*** Data Section Begins ***

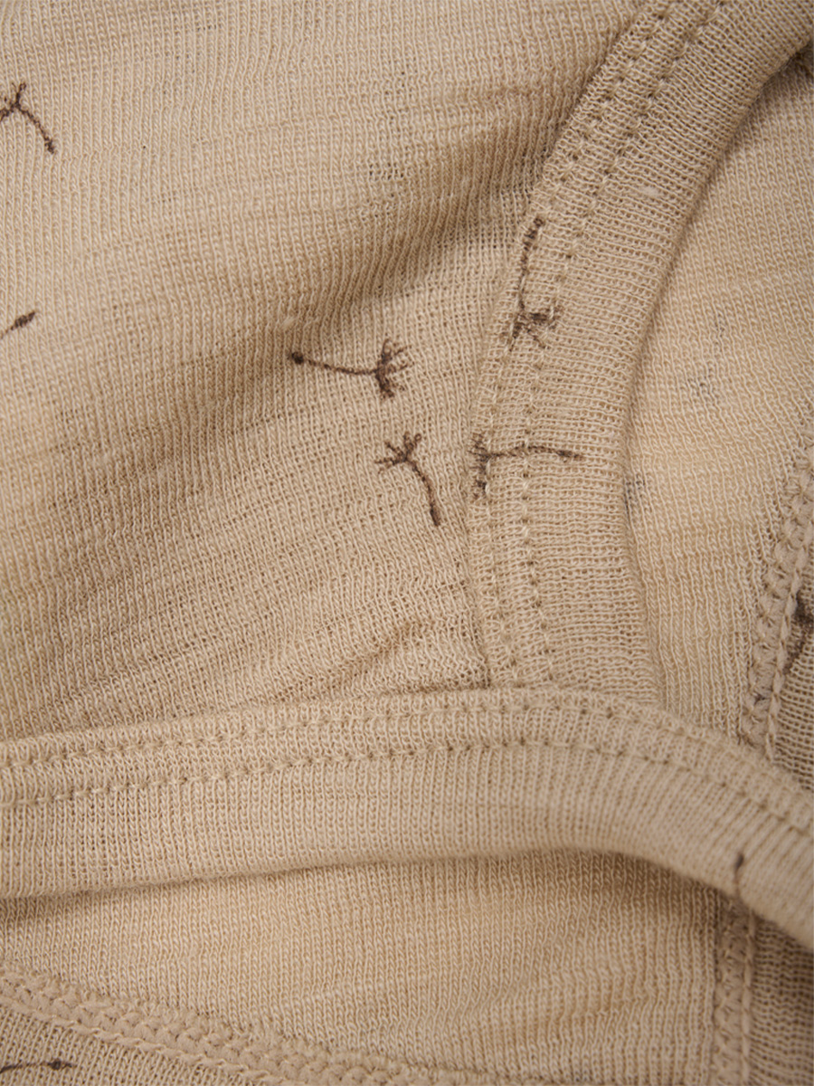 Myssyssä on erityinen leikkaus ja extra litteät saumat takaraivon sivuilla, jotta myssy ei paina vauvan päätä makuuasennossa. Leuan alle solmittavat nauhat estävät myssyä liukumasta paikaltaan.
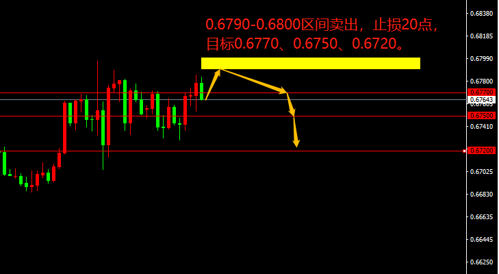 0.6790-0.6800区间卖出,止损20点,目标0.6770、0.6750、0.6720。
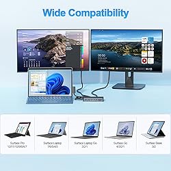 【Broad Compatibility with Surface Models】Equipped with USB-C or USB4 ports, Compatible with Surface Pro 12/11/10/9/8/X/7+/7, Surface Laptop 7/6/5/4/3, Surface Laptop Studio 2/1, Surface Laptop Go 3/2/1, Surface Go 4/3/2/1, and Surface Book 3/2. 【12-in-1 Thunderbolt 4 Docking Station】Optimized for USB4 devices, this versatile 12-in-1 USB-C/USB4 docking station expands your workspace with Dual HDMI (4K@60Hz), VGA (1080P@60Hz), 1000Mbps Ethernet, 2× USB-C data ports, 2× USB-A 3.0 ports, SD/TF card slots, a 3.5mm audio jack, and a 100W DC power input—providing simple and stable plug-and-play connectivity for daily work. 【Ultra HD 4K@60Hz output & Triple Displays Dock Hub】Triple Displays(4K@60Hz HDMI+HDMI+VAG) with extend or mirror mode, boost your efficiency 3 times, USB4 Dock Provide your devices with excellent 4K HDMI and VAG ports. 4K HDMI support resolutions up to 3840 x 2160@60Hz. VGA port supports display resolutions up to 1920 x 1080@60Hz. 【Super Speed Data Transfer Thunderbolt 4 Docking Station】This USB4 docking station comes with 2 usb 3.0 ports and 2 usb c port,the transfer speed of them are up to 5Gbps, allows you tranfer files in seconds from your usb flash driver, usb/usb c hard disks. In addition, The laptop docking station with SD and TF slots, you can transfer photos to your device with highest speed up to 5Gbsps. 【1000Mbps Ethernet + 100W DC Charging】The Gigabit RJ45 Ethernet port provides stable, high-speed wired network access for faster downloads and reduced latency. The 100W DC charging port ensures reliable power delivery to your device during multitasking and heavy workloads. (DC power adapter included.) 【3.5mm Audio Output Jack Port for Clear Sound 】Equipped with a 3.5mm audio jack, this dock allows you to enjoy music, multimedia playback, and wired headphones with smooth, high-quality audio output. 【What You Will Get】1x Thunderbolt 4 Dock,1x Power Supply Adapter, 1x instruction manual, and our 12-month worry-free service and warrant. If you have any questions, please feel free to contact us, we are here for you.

*** Data Section Ends ***

Leave the pictures out and output exactly the lines above, from the start of the listing through the line with "0.6790-0.6800区".

Exercise solution –
 Myssyssä on erityinen leikkaus ja extra litteät saumat takaraivon sivuilla, jotta myssy ei paina vauvan päätä makuuasennossa. Leuan alle solmittavat nauhat estävät myssyä liukumasta paikaltaan.
 0.6790-0.6800区间卖出,止损20点,目标0.6770、0.6750、0.6720。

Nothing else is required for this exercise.